The press coverage of England’s Euro 2012 team continues to be dominated by Rio Ferdinand’s omission from the England squad and the inclusion of his former centre-back partner John Terry. The controversy surrounds the fact that in December, Terry was charged by the Police with making racist comments to Ferdinand’s brother. Roy Hodgson, the England manager, cited “footballing reasons” for Ferdinand’s omission but many suspect that the two had to be kept apart because of their fractious relationship and Hodgson ultimately opted for Terry over Ferdinand.  

Similar situations often crop up in the employment sphere but what steps can and should an employer take when one employee accuses another of an act of harassment or discrimination and either the act and/or the accusation creates such animosity between the two employees that it becomes clear they are no longer able to work together or in each other’s vicinity?  

Depending on the facts of each case, the employer could face significant risks if it does not separate the employees. First there is the risk of a further act of harassment. If such a situation did arise the employer would find it more difficult to rely on the statutory harassment defence that it took “all reasonable steps” to prevent the harassment occurring if it did not at least consider separating the employees.

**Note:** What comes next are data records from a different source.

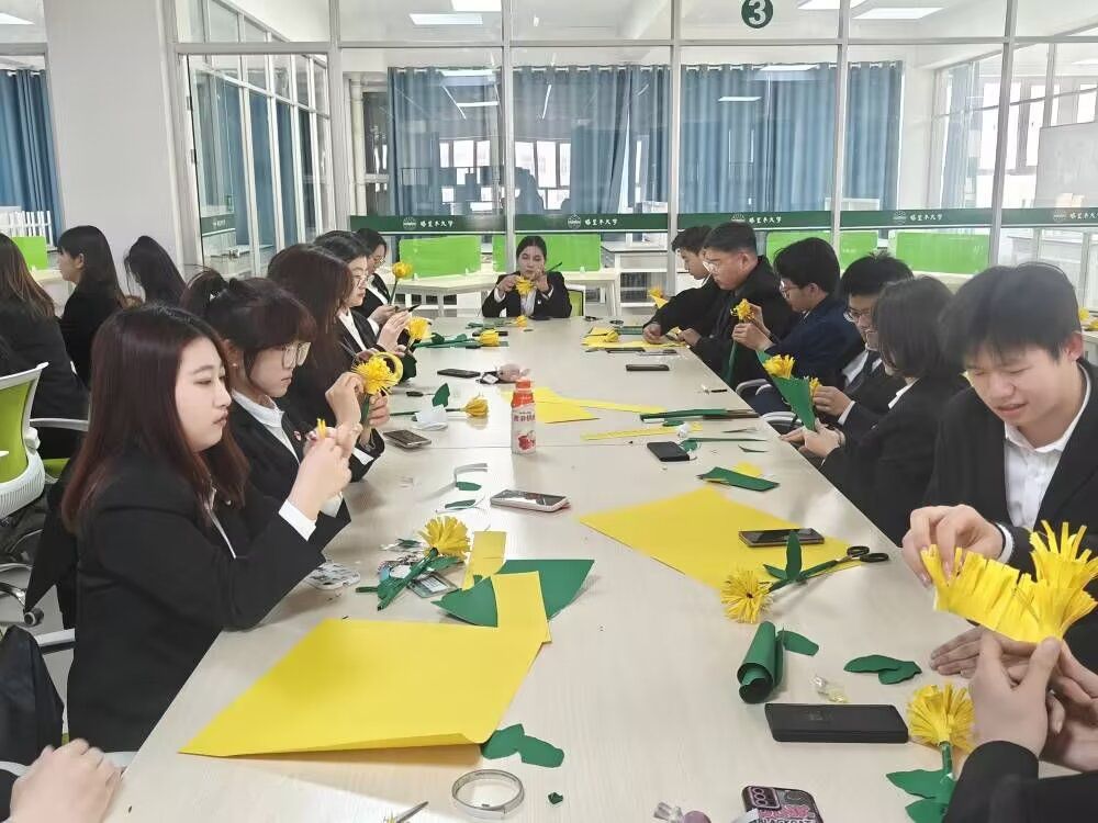 学生党员在老图书馆创客空间认真学习并制作所需纸花,以手工做花、献花的方式缅怀先烈,以情寄哀思。
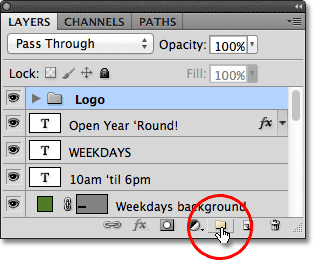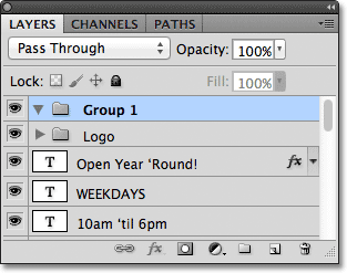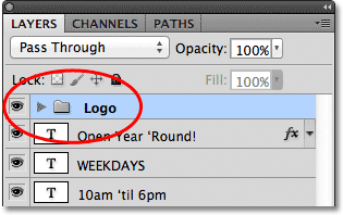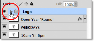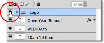یکی از مزایای استفاده از گروه های لایه ، علاوه بر منظم نگه داشتن کارها ، این است که روشن یا خاموش کردن هم زمان چندین لایه در سند را آسان می کند. به طور معمول ، برای روشن یا خاموش کردن یک لایه ، می توانیم روی آیکون مشاهده لایه آن ("کره چشم") در سمت چپ لایه در پنل Layers کلیک کنیم. ما می توانیم همین کار را با گروه های لایه نیز انجام دهیم. هم چنین ، هر گروه آیکون قابلیت مشاهده بودن خود را دارد. با کلیک روی کره چشم ، گروه “Logo" را به طور موقت خاموش می کنیم:
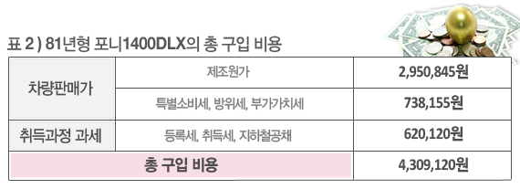 생산비뿐만 아니라 세금도 자동차의 비싼 가격에 한 몫을 했다. 사람들은 자동차 자체의 가격보다 차량 구입에 따른 세금을 더욱 부담스럽게 여겼다. 자동차를 구입하기 위해서 내야하는 세금만 해도 특별소비세, 방위세, 부가가치세, 취득세, 등록세, 자동차세, 지하철공채, 면허세 등 그 세액은 일본의 6배, 미국의 30배에 달했다. 81년도 동아일보 기사에 따르면 370만원의 포니 1400DLX(옵션포함)를 구매하는 데 드는 총 비용이 4백30만원이었고, 이중 31.5%인 1백35만원은 제세공과금이었다.
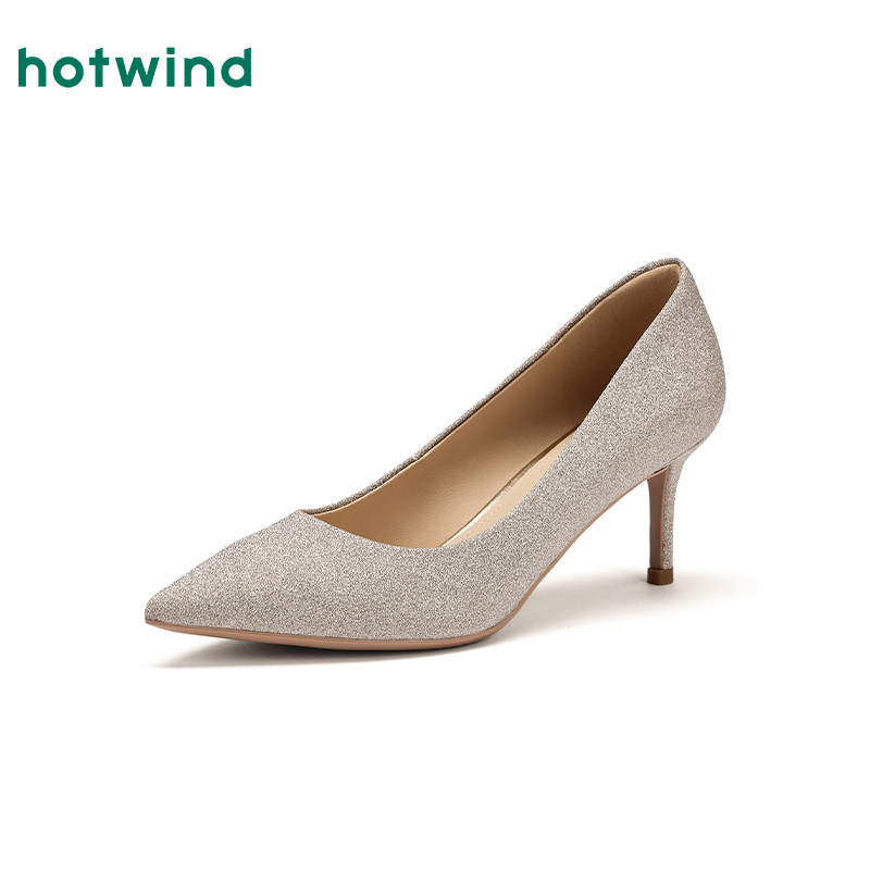 热风高跟浅口单鞋女2025年夏季新款百搭尖头通勤女鞋温柔气质婚鞋

Secondly, there is a risk of a victimisation claim arising if the accused subjects the complainant to any form of detriment. This risk is increased if the accused is a line manager of the complainant. For example a simple decision such as the refusal of a holiday request could be alleged to be a detriment arising from the complaint. There is also the more practical risk that the work of the individuals/department could be negatively affected by the ongoing tensions.  

Employers may therefore prefer to move one or other of the employees to a different part of the business or assign him/her different duties.  Remember that changing an employee’s duties/location may constitute a breach of contract if not agreed.  

Even if there is a contractual right to make the change, any changes made to the complainant’s duties/location could give rise to a victimisation claim if that employee views such a change to be detrimental and so it may be safer to move the accused (assuming a contractual right to do so) rather than the complainant.  However, if the accused is the manager, the scope for placing him/her elsewhere may be relatively limited. 

In such a case, or if the alleged act of harassment  is sufficiently serious, breathing space may be gained by suspending one party whilst the matter is investigated.  This carries its own risks.  Which do you suspend?  The complainant or the alleged perpetrator, who is clearly innocent until proven guilty and whose reputation may be seriously damaged on a “no smoke without fire” basis even if totally “acquitted” after the suspension?  In addition, a manager may be less dispensable day-to-day than the junior.  There is no perfect answer, but the Tribunal will not criticise an employer making that decision so long as it is seen to consider all the relevant facts first.  If challenged for its thinking here, it will need something more than “footballing reasons”!  

As the Neil Sadaka song goes, breaking up is hard to do. From a legal sense it is certainly not without its risks but sometimes the risks of taking no action could be far graver.